Berlawanan dengan pendapat umum, sebenarnya blog tak lebih sulit dari Facebook atau Twitter. Di WordPress.com, kita bisa membuat account dalam waktu 5 menit, mengetikkan teks di editor yang mirip miniatur Word, menekan tombol Publish, dan langsung menjadi editor kelas dunia: tulisan kita terbaca oleh dunia, terpantau oleh Google. Barulah kemudian para blogger baru diajak penasaran dengan dunia online lainnya: mereka bisa upload foto dan video, memasang karya digital, mengkompetisikan dan menjual hasil karya, dan mengangkat personal uniqueness mereka. Dengan kesempatan pengembangan yang luas itu, program semacam Indigo menganggap kegiatan2 blogging sebagai hal yang menarik untuk dikembangkan. Twitter tak perlu mematikan blog. Ia bisa jadi ruang perbincangan yang lebih dinamis atas tema yang dikaji di blog, dan dalam level tertentu memiliki daya tarik ke blog melebihi feed blog kita.

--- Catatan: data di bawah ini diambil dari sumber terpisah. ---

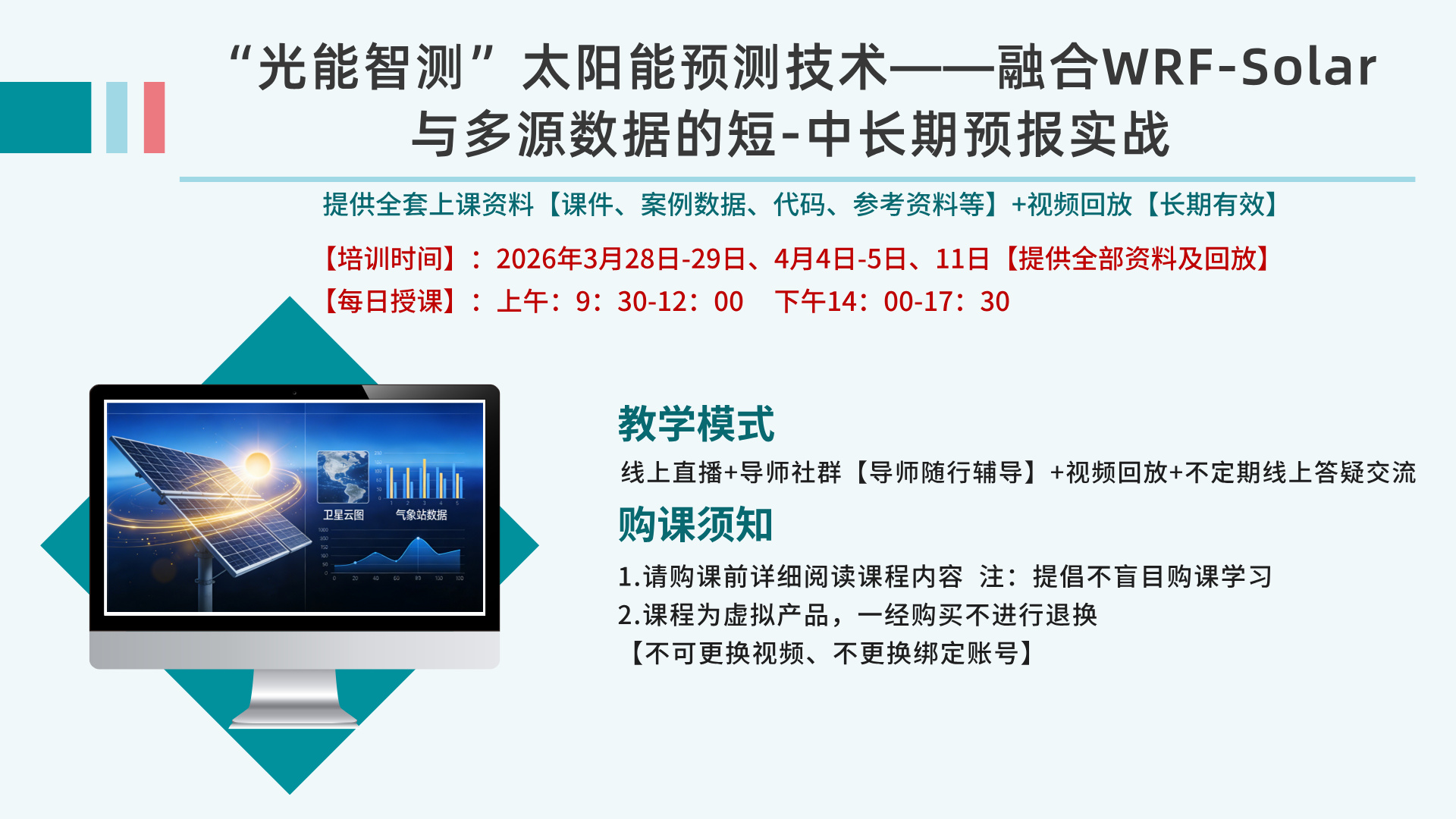 直播课:“光能智测”太阳能预测技术高级研修班——融合WRF-Solar与多源数据的短-中长期预报实战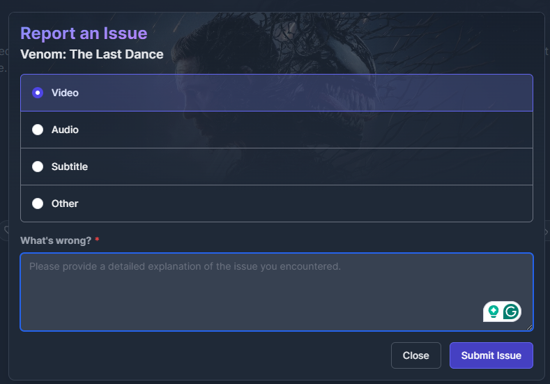 Via Plex this will depend on if you’re using the web app, TV or phone but there should be a report issue button similar to https://overseerr.kerway.co.uk/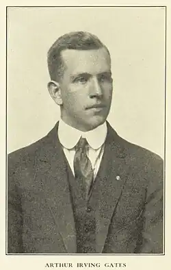 Gates was born in Red Wing, Minnesota to William P. and Lenore Gaylord (who had a son from an earlier marriage). He began to read by the age of three thanks to his mother's teaching. The family moved in 1892 to Fortuna, California where his father worked in a lumber company. He went to local schools and joined the University of California, Berkeley majoring in experimental psychology. He spent a few years of graduate studies and then moved to Columbia University where he obtained his doctoral degree in 1917 and then joined as a teaching fellow. He became a full professor in 1956. He wrote several books on the psychology of reading, the remediation of reading difficulties, and put forward support for the view that children should not be taught reading as an end in itself or as an isolated activity but in the context of things and activities that they find interesting. Some of his students included Ruth Strang, Margaret Mead, Dorothy Van Alstyne, Guy L. Bond, and David H. Russell.[1][2][3] His student Walter H. McGinitie was involved in the creation of the reading test known as the Gates-McGinitie Reading Test.[4]

Kita masih memerlukan banyak blog, terutama yang bersifat tematis, untuk memperkaya diskusi cerdas yang independen. Saat media tampil makin jorok memihak penguasa atau pemilik modal, blog bisa jadi pembanding yang secara tajam dan dalam memberikan wacana pembanding. Publik juga masih haus akan tema2 spesifik: pariwisata, pendidikan, aplikasi mobile, kuliner, lifestyle, hobby, film, buku, musik; yang disoroti dari sisi developer, user, appreciator, dll. Informasi publik di negeri kita masih jauh dari terpenuhi. Blog masih harus hidup, dan masih akan hidup.